The surgical animals were anesthetized with an intraperitoneal injection of ketamine (40 mg/Kg) and medetomidine (0.5 mg/Kg). The right knee was shaved and prepped with betadine. Animals were placed in the prone position, and a 2 cm midline incision was made over the anterior knee. The skin was mobilized to expose the patellar tendon. A 1.5 cm incision through the joint capsule was made immediately lateral to the patellar tendon. The patella was then everted, and the ACL was incised with the knee in a flexed position. Manual testing of anterior laxity confirmed complete sectioning of the ACL. In sham animals, only a 1.5 cm incision was made penetrating the joint capsule. For all operated groups, the joint capsule and fascia were closed in layers using interrupted 4-0 Vicryl sutures, and skin using 4-0 Nylon sutures. Post-operative analgesia was maintained using buprenorphine hydrochloride (.05 mg/Kg SQ for 3 days). Sutures were removed 10 days post-surgery. Animals were allowed to bear weight on limbs as tolerated, and equal load bearing was noted between limbs within 3 weeks of surgery.

Macroscopic analysis

The proximal tibias were amputated and immersed in 10% (v/v) formalin for at least 72 h. Before histological processing, gross morphological cartilage lesions on tibial condyles were visualized and qualitatively analyzed via India ink staining, in which the cartilage surface is painted, for 15 s, with a 20% (v/v) dilution of blue India ink (Parker, Quink) in phosphate buffered saline containing protease inhibitors [21]. Cartilage samples were qualitatively analyzed for lesion severity and extent.

Histology

The specimens were then decalcified in 10% EDTA solution and bisected in the coronal plane. They were processed in a Tissue-Tek VIP 1000 tissue processor (Model#4617, Miles, Elkhart, IN) and embedded in a single block of Paraplast X-tra (Fisher, Santa Clara, CA). Blocks were trimmed to expose tissue using a rotary microtome (Model#2030, Reichart-Jung, Austria). Slices were taken from the mid-coronal plane within each condyle and cut into 6 μm thick sections, taken 0 μm, 100 μm, and 200 μm, from the midcoronal line. Sections were then mounted on slides and stained with safranin-O/fast green. The severity of cartilage damage of each joint was assessed using the modified Mankin grading system [20]. Three independent observers scored both the medial and tibial condyle compartments using a digital imaging camera (Nikon microscope E 800). All scoring was done in a random order and in a blinded fashion. The worst scores for each medial and lateral tibial compartment were statistically analyzed. Medial, lateral, and infrapatellar compartments of synovial membrane specimens were dissected, fixed, embedded, cut and stained as described above. Using the Pelletier grading system, the worst synovial scores from each joint were analyzed [22]. All histological imaging utilized the SPOT digital imaging camera (Diagnostic Instruments, Sterling Heights, Michigan).
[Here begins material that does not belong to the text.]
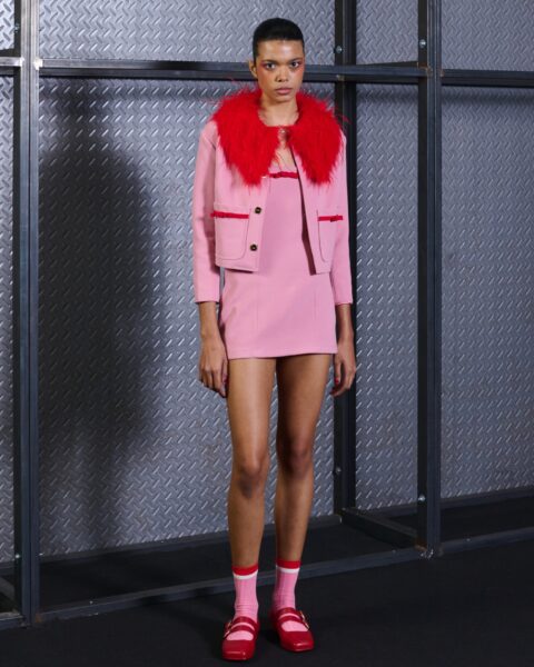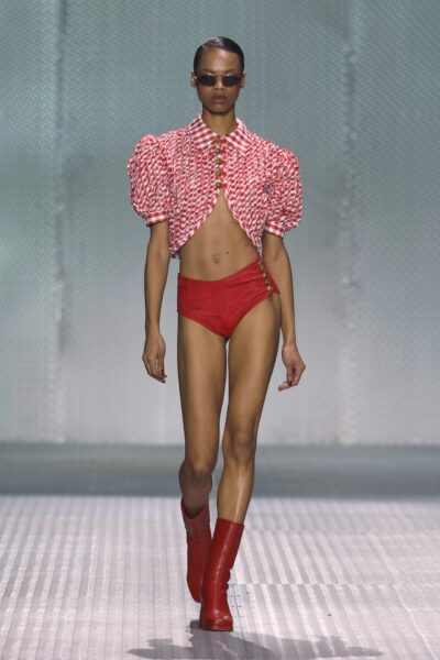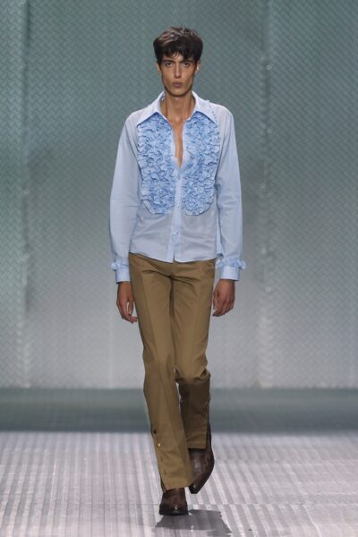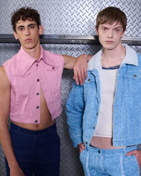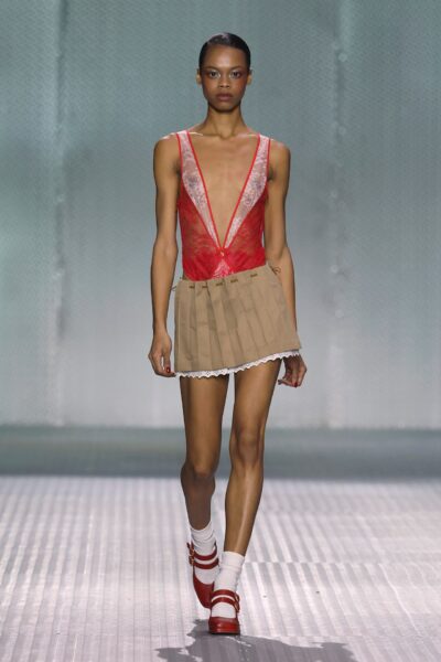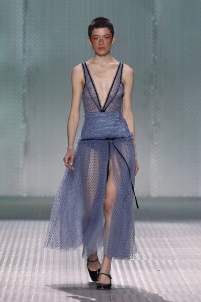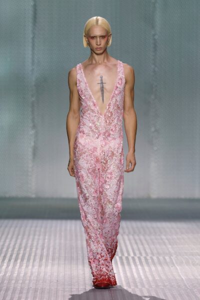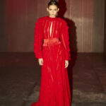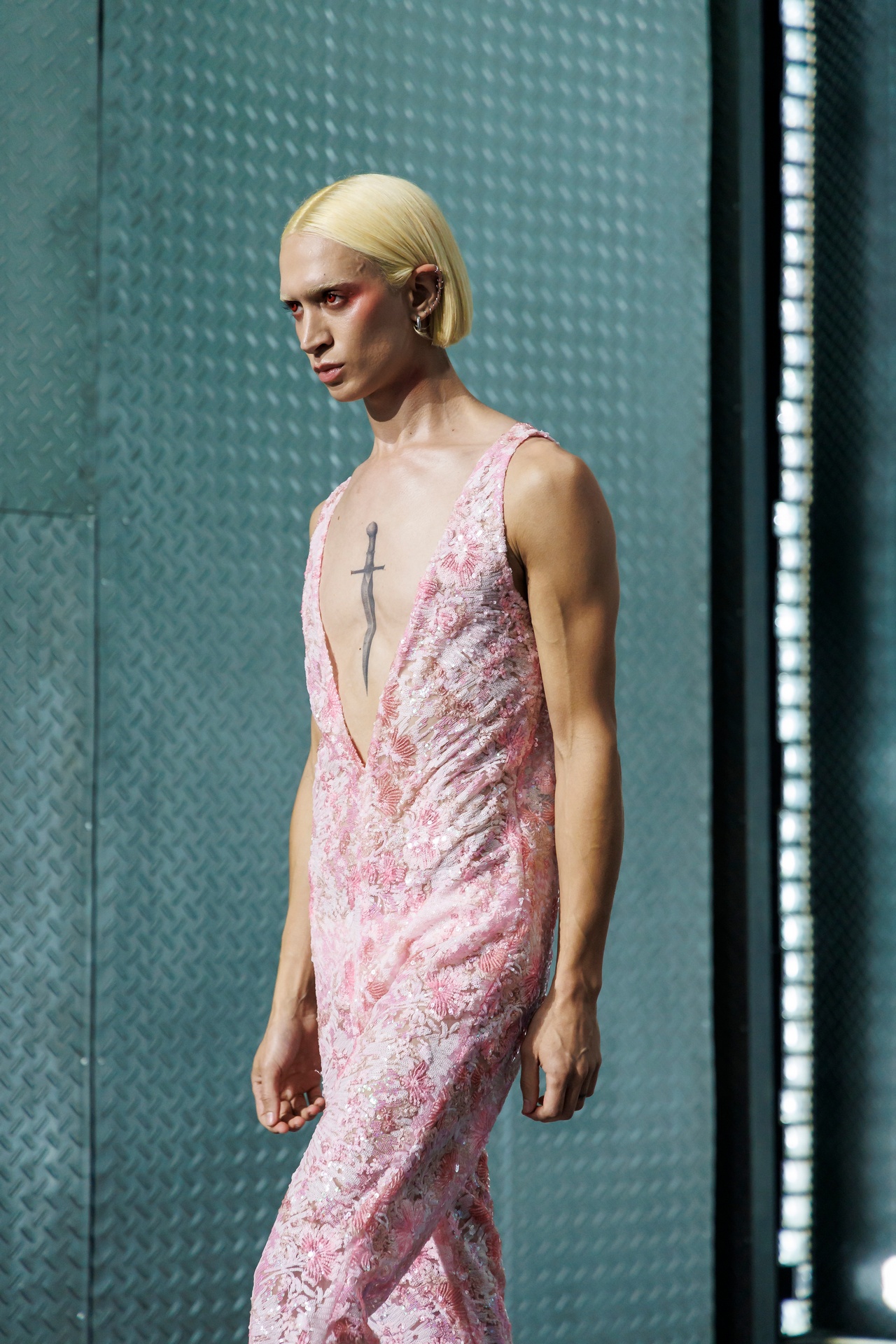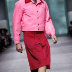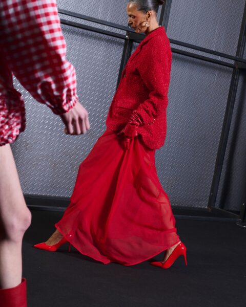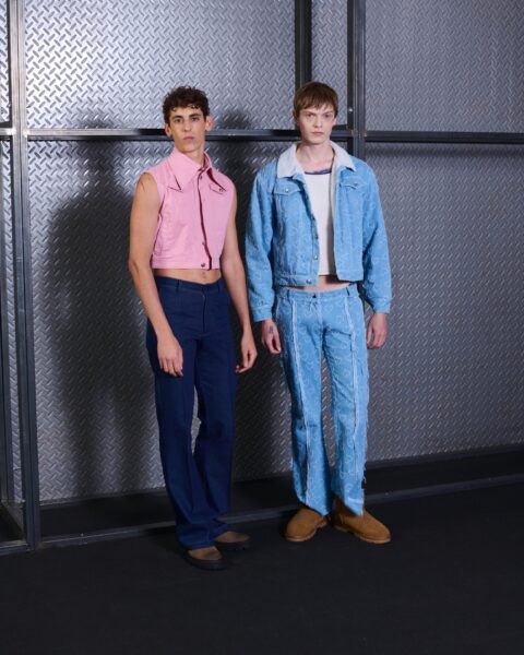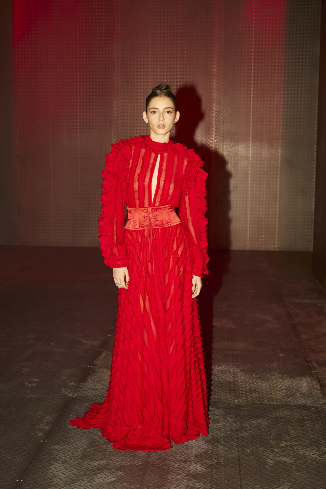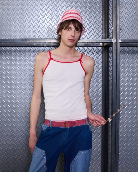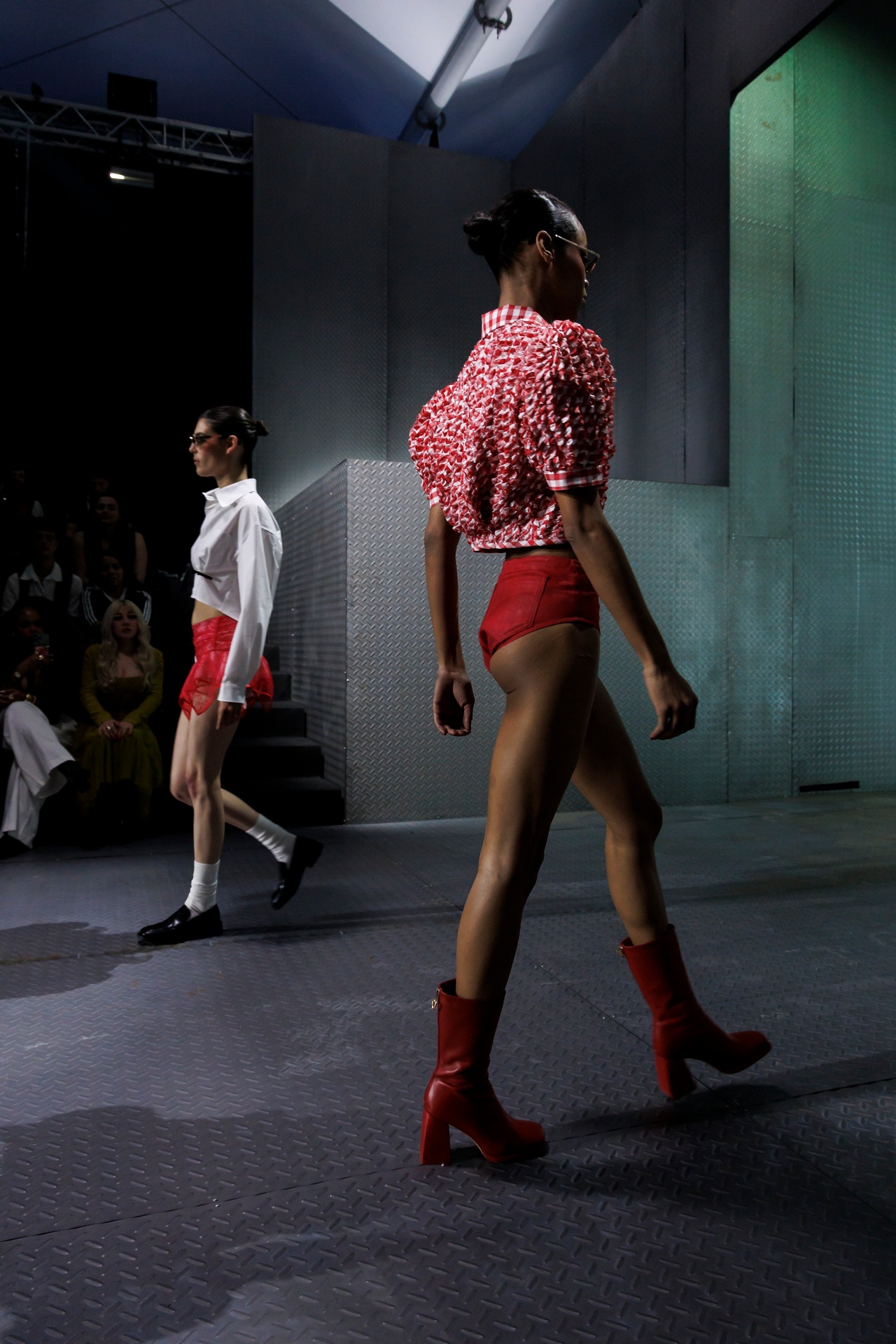 Estas referencias se materializan en siluetas versátiles, pensadas tanto para prendas femeninas como masculinas, desdibujando los límites de género. La colección combina sargas plisadas mediante costuras, popelines en vichy y algodones para el día, mientras que chantilly, tules, pieles artificiales con plumas y gasas aportan ligereza y teatralidad nocturna. La paleta gira en torno a rosas y rojos granate, con acentos marrones y azules. Volúmenes marcados en faldas y hombros, lazos constantes, volantes y puntillas equilibran inocencia y sensualidad, construyendo una estética donde vulnerabilidad y poder coexisten.
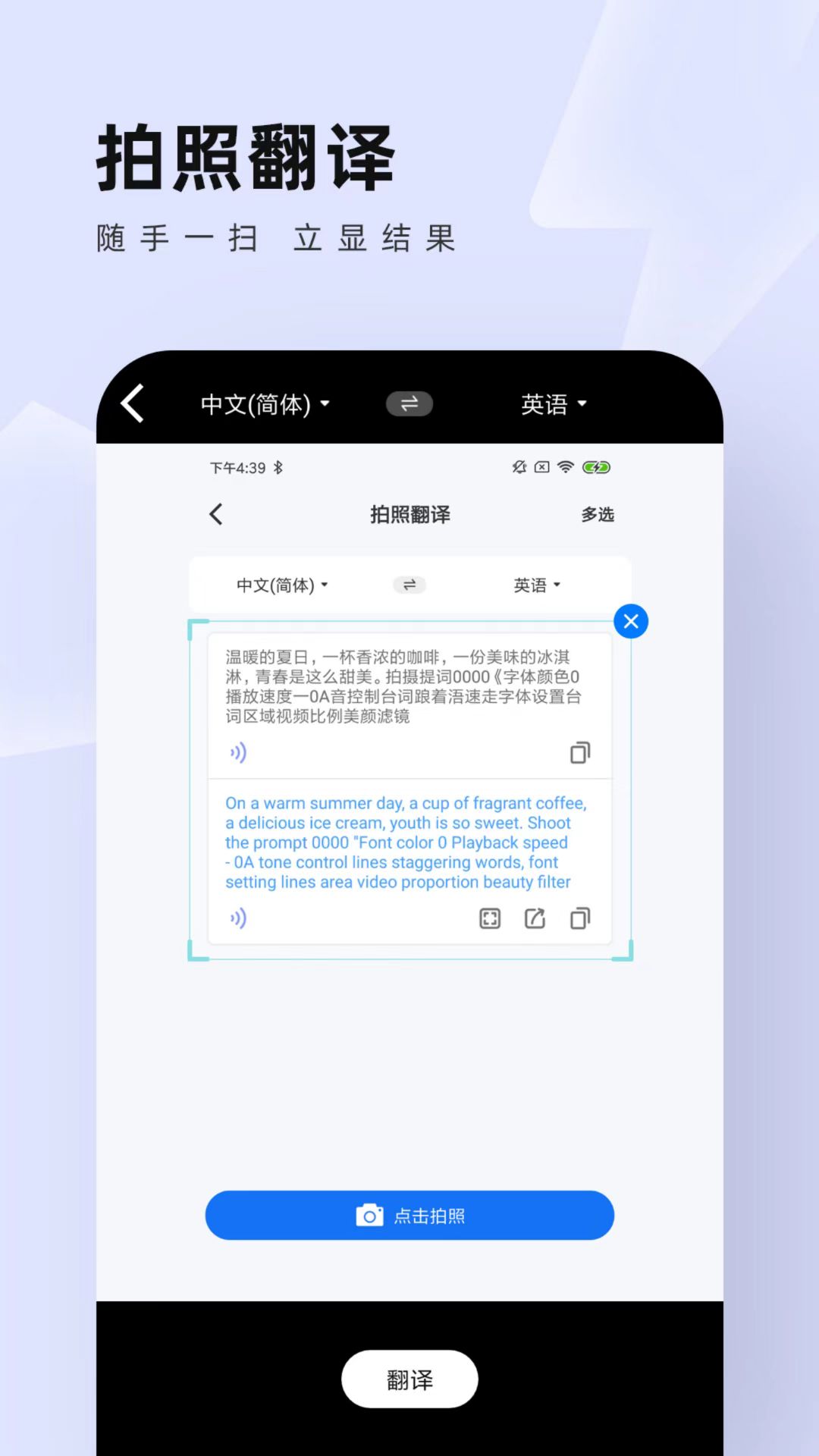 集成了文本翻译、语音输入翻译等多项核心功能,同时内置丰富的英语学习资源,便于用户边用边学。操作简单高效,无论是复制粘贴文本还是通过摄像头扫描图像,都能实现快速翻译。此外,配备的跟读对比功能有助于改善发音问题,是提升口语表达的有效辅助工具。

Synovial fluid (SF) collection and analysis

Before dissecting the joints, 100 μL of isotonic saline solution was injected intra-articularly, the knee was manually cycled through flexion and extension ten times and then the joint was aspirated. The lavaged synovial fluid was centrifuged at 2000 g for 10 min to remove cells and debris, and then frozen at −80 °C until analysis.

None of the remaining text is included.